Mikey Dickerson pushed that through.
Mark: And then that's what, let everything else happen.
Charity: Right. If you can't see what the fuck you're doing, you're just going to waste a lot of energy and effort and yeah.
It's so basically like closing that feedback loop of just the more you know, the better you can act, but when you know nothing, everything is wasted.
Mark: And when you start to bringing that back to like, how are we doing the vaccine distribution?
Think about the monitoring and observability problems of that, where you have each state, which may or may not want to tell you what their numbers are.
Mark: You know, we've seen Florida do some shenanigans-
Charity: Coupled with the travesty concerns and all the people who are like paranoid about their information.
I think almost the hardest part of this is that there's a double dose thing.
I think it's so much harder to keep track of. Okay.
But did they already get their first dose? Is it within this window?
Are you eligible for the second one?
I think that that seems like an incredibly hard problem, given the infrastructure that we have.
Mark: Oh yeah, no, it's bad. I think the dosage and the dosage spacing is actually--
I haven't seen medical professionals talking about that particularly being the problem as much as they're talking about well, they're all worried about the variant problem.
And again, I'm out over my skis.

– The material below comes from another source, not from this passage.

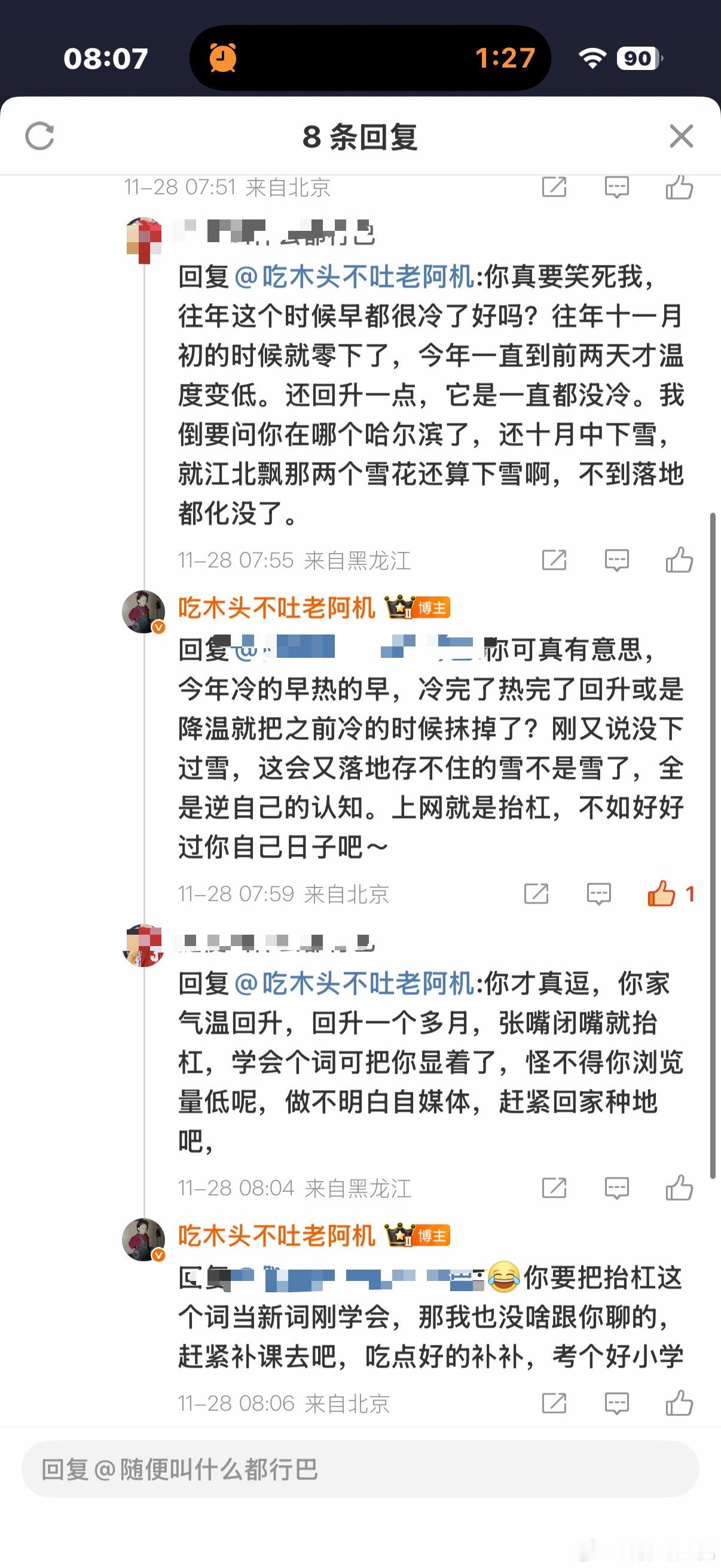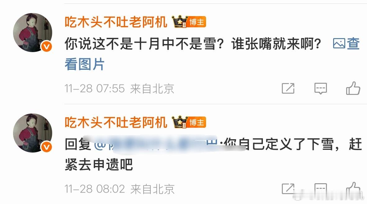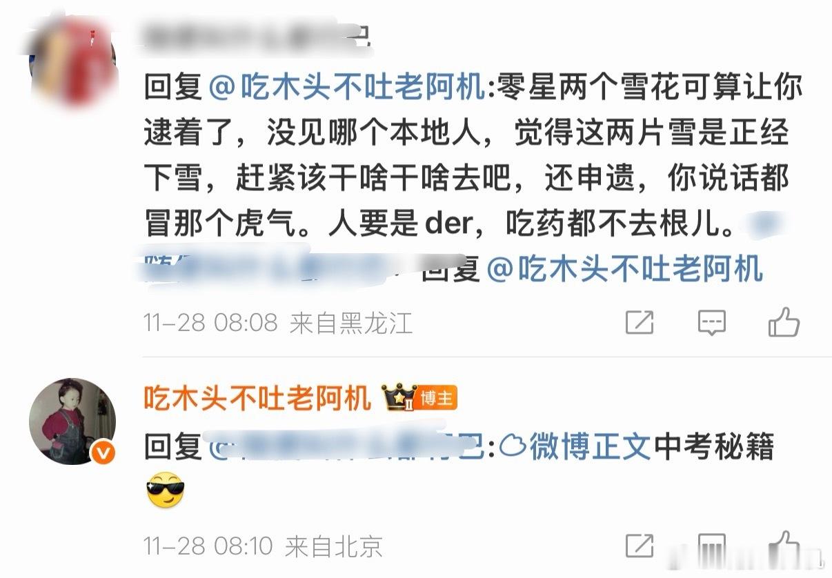 世界真的很无奇不有,我说哈尔滨十月中下雪了都有人杠。说我在哈尔滨我怎么没见哈尔滨下雪,我说我亲眼见的还发了微博,他说你是本地人么,那点雪花都存不住叫下雪?这逻辑我都不知道该回啥,只能给他发了一套中考数学秘籍,祝他考试顺利~

I'm not a medical professional, right?
Like I'm trusting what they tell me.
And when there's a chance to get the vaccine, I will be very happy to receive it.
But when we're talking about the systems that we're all interacting with to know like, are there vaccines available?
Can I get my mom a vaccine?
Why is it so hard for somebody to sign up to get an appointment? These are all reflective of the-
Charity: Lack of observability.
Mark: Well, it's observability and it's also organizational complexity.
This is Conway's Law made, made real with pretty unfortunate consequences.
Shelby: I think those kind of go hand in hand, it's something I've seen a few times and I've heard other people discuss it where when your organization is bad at talking to itself about it, when parts of your organization's better at talking to each other, it's that much harder to get observability into your production systems.
People have the little fiefdoms and there's a lot of like territorial wars and stuff.
And so observability is part of that socio-technical problem we're trying to solve is just like doing a better job, what our organization's supposed to be doing.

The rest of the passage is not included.